Quando scrivo un post breve e monografico dedicato a qualcuno, significa che sono giusto giusto in fissa con qualcosa che riguarda il personaggio in questione.
Stavolta è toccato in sorte a John Frusciante. Dubito che lo storico e ormai ex chitarrista dei Red Hot Chili Peppers necessiti di qualsivoglia tipologia di presentazione: è un’icona, punto.

Dopo la separazione consensuale e -apparentemente- questa volta, definitiva dal gruppo, Frusciante ha collaborato qua e là per poi lavorare soprattutto in qualità di solista. Al momento sta per uscire il suo ennesimo album da solista (il decimo) dal titolo Enclosure. Ieri mi sono ascoltata un po’ di pezzi dell’album The Empyrean e devo dire che sono rimasta stupita. Non immaginavo fosse così bravo anche in qualità di musicista completo. Insomma, vero è che spesso ha accompagnato come backing vocalist i pezzi dei Red Hot, ma riuscire a realizzare un progetto musicale in autonomia richiede ben altra tipologia di doti canore. E lui ce le ha, tutte. Ammetto di dimostrare una certa ignoranza in merito a Frusciante stupendomi delle sue doti canore e compositive, ma fino a questo momento avevo avuto modo di apprezzarlo unicamente come chitarrista. Sottovalutato, fra l’altro.

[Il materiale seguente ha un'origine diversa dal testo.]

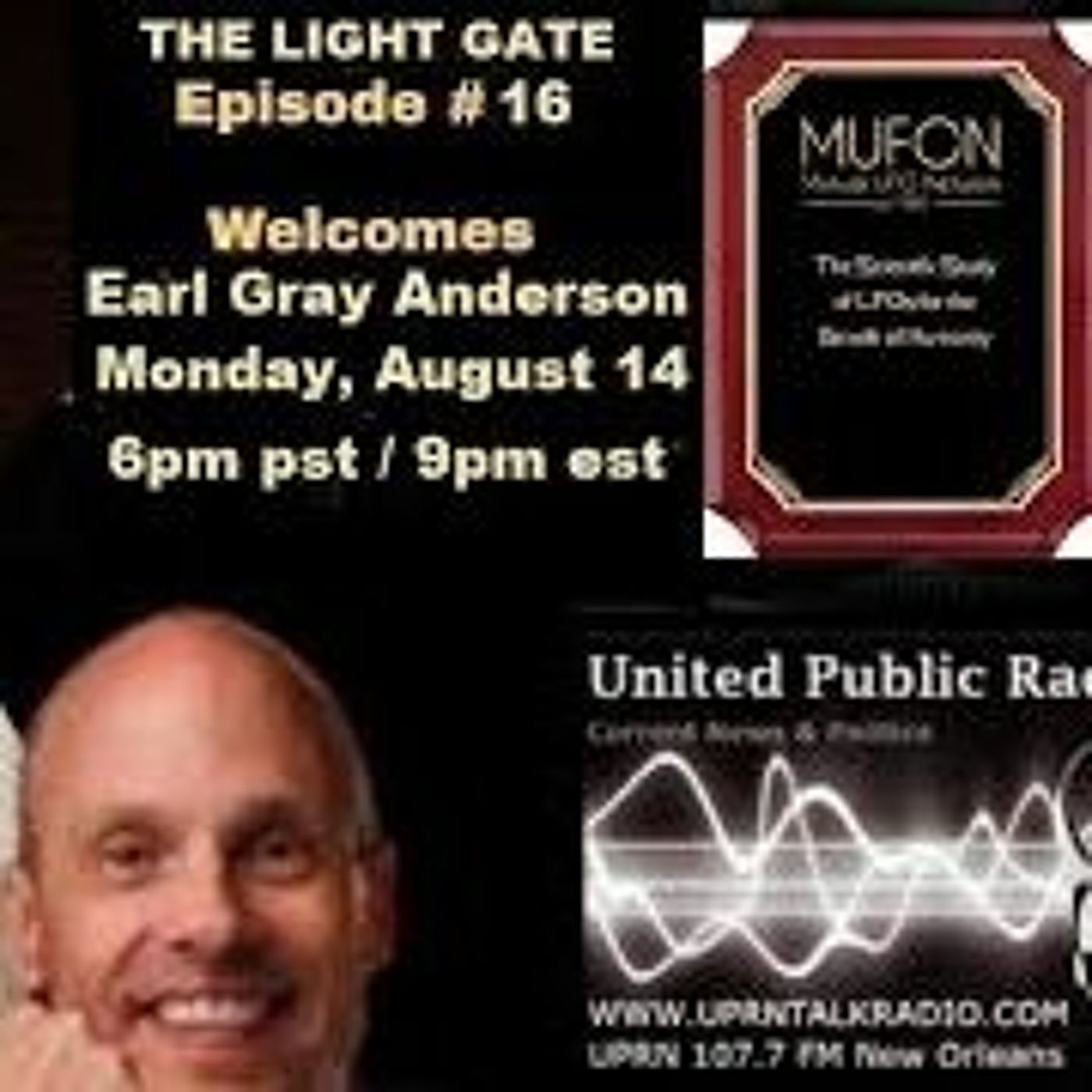 Monday night live, , \u201cThe Light Gate\u201d welcomes, Earl Grey, (aka: Earl Grey Anderson.) He is a UFO experiencer, a MUFON field investigator and the MUFON State Director of Southern California, and a MUFON STAR team member. MUFON is the Mutual UFO Network, the world\u2019s largest citizen UFO study group. He\u2019s also a singer/songwriter and a guitarist, and a retired (but still licensed) Vocational Nurse. Earl has been researching the UFO phenomenon for many years, and has investigated nearly 1000 cases for MUFON, and is a sought-after presenter and speaker. He has been a guest on numerous podcasts, and radio shows, and television shows, including \u201cUnidentified with Demi Lovato,\u201d \u201cI Want To Believe,\u201d \u201cMUFON and UFOs: The Proof is Out There,\u201d and \u201cAncient Aliens.\u201d He has spoken at Aliencon and MUFON Symposiums and hosted the experiencer workshop at the 2022 MUFON Symposium in Denver, Colorado. Earl is one of very few fulltime ufologists. Earl feels that the Experiencer Phenomenon is the beating heart of Ufology. As Earl says, \u201cIf we wish to understand this phenomenon, we need to listen to those who have had face to face encounters.\u201d He lives with his wife Lisa, and two cats, in Los Angeles, California. LINKS: https://www.facebook.com/UrlieGee

Nel mio ricercare informazioni più approfondite sul dopo RHCP di Frusciante, ho scoperto un suo progetto parallelo al gruppo, quello degli Ataxia. Messo in piedi anche grazie alla collaborazione dell’attuale chitarrista dei Red Hot ed amico di Frusciante Josh Klinghoffer, è un progetto di tipo sperimentale che vede Klinghoffer alla batteria, Frusciante alla chitarra e alla voce solista, Joe Lally dei Fugazi al basso. Gli album realizzati dal trio sono solamente due (Automatic Writing e Automatic Writing II) ma meritano più di un ascolto.

Al momento sono letteralmente innamorata dell’album Automatic Writing e in special modo del pezzo The sides, così come del testo.

Life won’t change today
Every single day
Things don’t come my way
It’s just my time to fade

They move on, people they go out
Just why the filler is without

Things don’t come my way
I Cover up my face
At my only rate
Every single day

You sit still and the twins walk right by
You feel thin, as the lead of your life
Dress on, the feeling, correspond
With the side of the road that we’re on

Life won’t change today
I cover up my face
Every single day
At my only rate

You sit still and the twins walk right by
You feel thin, as the lead of your life
People want to whisper when they shout
And move on, the people they go out

Nothing will change today
Is what I always say
Yes, things will get too rough
I can never get enough

They move on, people they go out
It’s just why the filler is without
People want to whisper when they shout
It’s ‘cause on the inside, they’re in doubt

Life won’t change today
I cover up my face
At my only rate
It’s just my time to fade

Il fatto che lui sia anche un bel figliolo e abbia un approccio alla vita assolutamente easy, basico (e con un passato di droghe, vorrei vedere fosse altrimenti), me lo rende anche più interessante in termini musicali.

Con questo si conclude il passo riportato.